Sewer and fresh water pipelines rise through the foundation under the wet wall. Having only one wall saves on channeling and also the special waterproofing materials needed for plumbing walls. If it is all along a single wall, it will be easy and affordable to access the plumbing for repairs later.

6. Complex roof lines

If the roof lines of your ADU are unique, it leads to expensive ADU. Roofs are kept up by a wooden support system known as trusses or rafters. Prefabricated trusses are used to build standard roofs, such as gable, hip, or shed roofs.

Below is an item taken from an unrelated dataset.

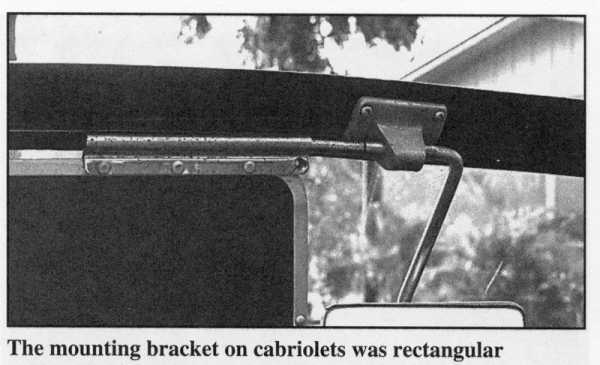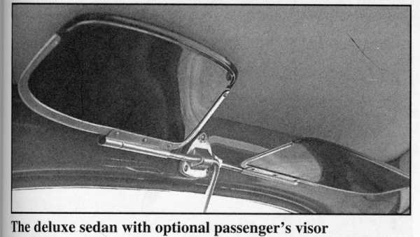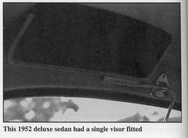 to fit the bracket on the convertibles, the triangleshaped sedan bracket was modified and made rectangular. In essence, the top of the sedan bracket was cut off to make the cabriolet visor bracket. This bracket was held in place with two screws, while the sedan version was secured with three. As on the deluxe, the cabriolet mirror exterior and support arm had a bright metal finish.

These trusses are cheaper than site-built rafters. Most prefabricated trusses are stronger.

Rafters are customized and used to build unusual roof lines, which tends to increase the labor salary. Experts say that the cost of using prefab trusses is 30%-50% lower than building traditional rafters on site. Roofing with many angles is also more pricy than installing a simple roof.

7. Hiring a general contractor who has no experience

We know that hiring a general contractor that offers lower rates is tempting, but think that are you really saving your money? Be careful of appointing the one who gives you an extremely low price compared to what you received. It can indicate that they are unlicensed or have no experience in their field.

Remember! It is not only renewing your kitchen model. It is a complete home where someone will live, so why do you compromise their comfort and safety just for saving just a few dollars? It can also cost you more in the long run.
If you hire an unlicensed contractor, it can result in shoddy workmanship, long build times, or in the worse case, hiring someone to escape with all your money while you are sitting in a dirty building site in your backyard. This has happened many times and we have seen it!

When it comes to releasing contractor licenses, many states do not mess around. Most states demand contractors to have experience of a few years, complete the process of submitting an application and obtain liability insurance. If you hire a fully licensed person, you don’t have to worry knowing they are appropriate for this job and you are safe.

Final thoughts:
This is why hiring suitable people to design and construct your ADU is so important.